When our most sophisticated cyberwarfare agency is subject to intrusions, from any source, then our nation is at grave risk.

20 August 2016

DONALD AND HILLARY ARE HIDING DOCUMENTS…

0500 by Jeff Hess

Donald Trump filed tax returns. Hillary Clinton gave speeches. The content of both could tell us much about the two plutocracy party candidates for president, but neither candidate thinks that information would be helpful to their campaign.

Fair enough, no law requires them to release that information, but in this age of faux transparency, what you hide is many times more important than what you reveal.

Ralph Nader, in Hillary’s Hubris: Only Tell the Rich for $5000 a Minute! writes:

There is a growing asymmetry between the media’s mounting demands for Donald Trump to release his tax returns (Hillary has done so) and their diminishing demands that Hillary Clinton release the secret transcripts of her $5000 per minute speeches before closed-door banking conferences and other business conventions.

The Washington Post, an endorser of Clinton, in its August 18 issue devoted another round of surmising as to why Trump doesn’t want to release his tax returns—speculating that he isn’t as rich as he brags he is, that he pays little or no taxes, and that he gives little to charity. Other media outlets endorsing Hillary have been less than vociferous in demanding that she release what she told business leaders in these pay-to-play venues.

When asked last year about her transcripts on Meet the Press, she said she would look into it. When the questions persisted in subsequent months, she said she would release the transcripts only if everybody else did. Bernie Sanders replied that he had no transcripts because he doesn’t give paid speeches to business audiences. Nonetheless she continues to be evasive.

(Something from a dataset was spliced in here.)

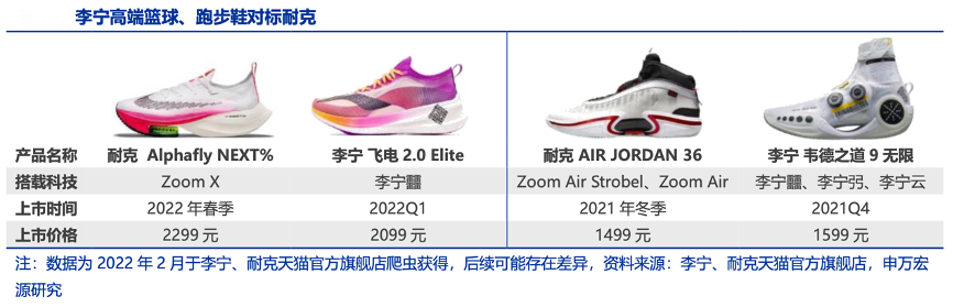 經典案例:根據李寧、耐克天貓官方旗艦店、申萬宏源研究等綜合資訊表明,李寧高端產品直接與國際品牌正面競爭。2019 年,李寧成為第一個推出以 PEBA 作為中底材 料的本土品牌,突破了耐克的封鎖,通過高價旗艦運動跑鞋打入高端運動鞋市場,并通過營銷 和良好的口碑在消費者心目中逐漸樹立國產科技值得購買,不比國外品牌差的印象。搭載“李 寧?科技”的“飛電 2.0 Elite”跑鞋、“韋德之道 9 無限”籃球鞋,在外形設計、功能屬性、價格層級等方面直接對標耐克“Alphafly NEXT%”跑鞋和“LEBRON19”運動鞋。

We know she has such transcripts. Her contract with these numerous business groups, prepared by the Harry Walker Lecture Agency, stipulated that the sponsor pay $1000 for a stenographer to take down a verbatim record, exclusively for her possession. .

The presidential campaign is moving into a stage where it will be harder for reporters to reach her. Except for a recent informal gathering with some reporters, Hillary Clinton, unlike all other presidential candidates, has not held a news conference since last December. This aversion to media examination does not augur well should she reach the White House. Secrecy is corrosive to democracy.

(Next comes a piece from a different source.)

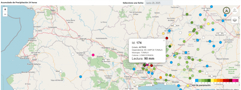 El municipio que más agua recibió por la lluvia sabatina de acuerdo con el monitoreo de Acumulado de Precipitación de 24 horas realizado por la Unidad Estatal de Protección Civil y Bomberos de Jalisco a través de la Red Pluviométrica del estado fue Tonalá con una caída puntual de 90 milímetros de agua medidos en Loma Dorada.

Why wouldn’t Hillary tell the American people, whose votes she wants, what she told corporations in private for almost two years? Is it that she doesn’t want to be accused of doubletalk, of “gushing” (as one insider told the Wall Street Journal) when addressing bankers, stock traders or corporate bosses? On the campaign trail Hillary only mimics Bernie Sanders’s tough, populist challenges to Wall Street. The Clintons are not known for answering tough questions or participating in straight talk. Dodging and weaving is what they do and too often they get away with it.

Hillary is the clear reported choice for president not just by the Wall Street crowd. The champions of the military-industrial complex love her variety of extreme hawkishness, which rings the cash registers for ever more military weapons contracts.

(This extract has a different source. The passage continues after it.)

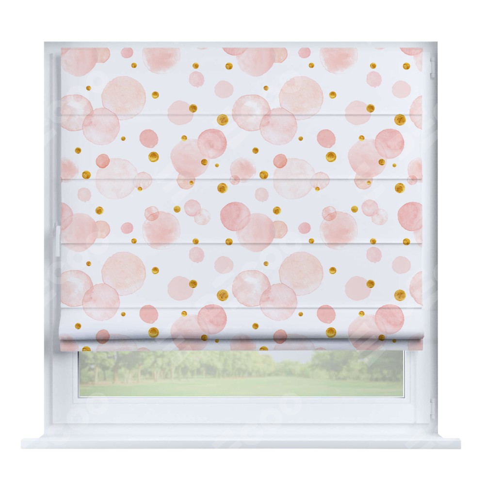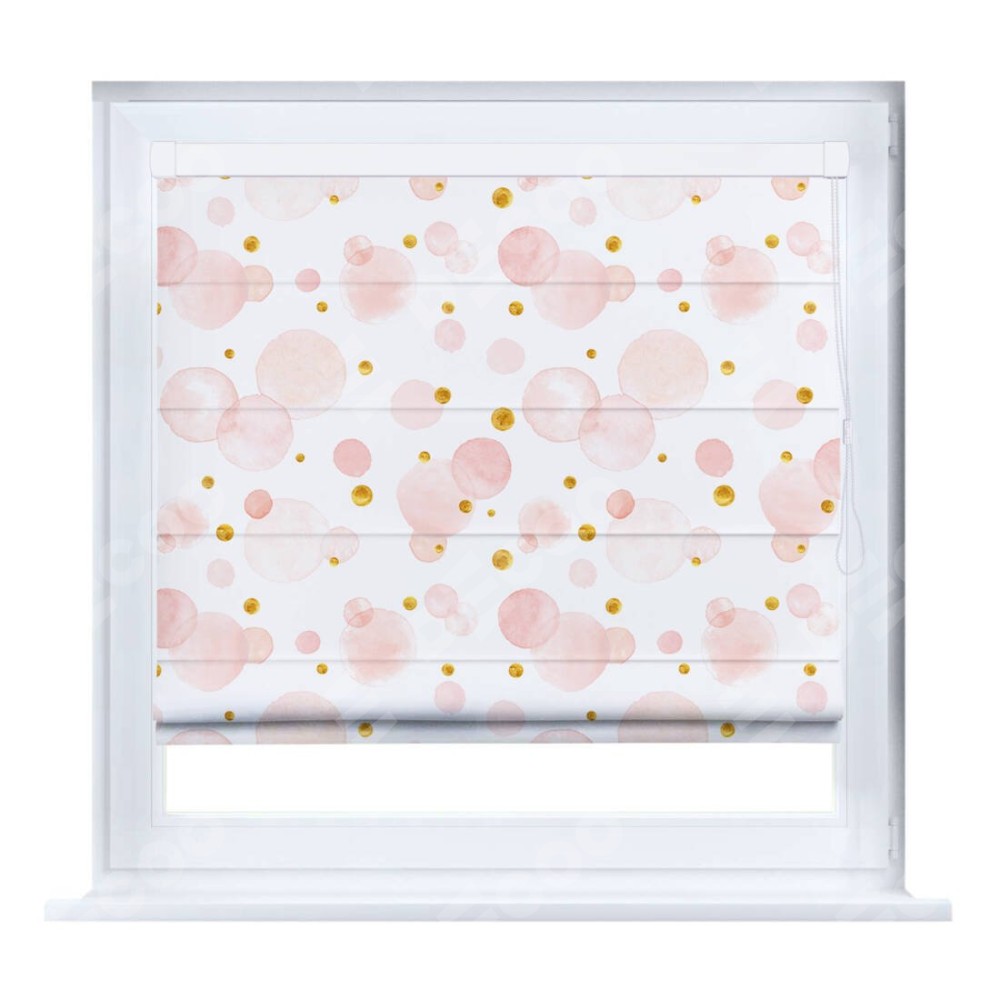 Римская штора «Кортин» на створку «Круги и точки» отлично подойдёт для интерьера: в кухню, на балкон и в детскую.

As the Sanders uprising dims, Hillary can be seen already returning to her former militarized foreign policy. On the last day of the Democratic Convention, the stage’s military presence foreshadowed her return to militarism. Her supporters shouted “USA, USA.” to drown out the Sanders shoutouts for peace and justice. Hillary’s supporters sounded like the jingoistic Republicans. She’s been endorsed by numerous retired Pentagon, CIA and NSA officials who find Trump’s “Why can’t we get along with Russia and China?” statements disturbing to their world views.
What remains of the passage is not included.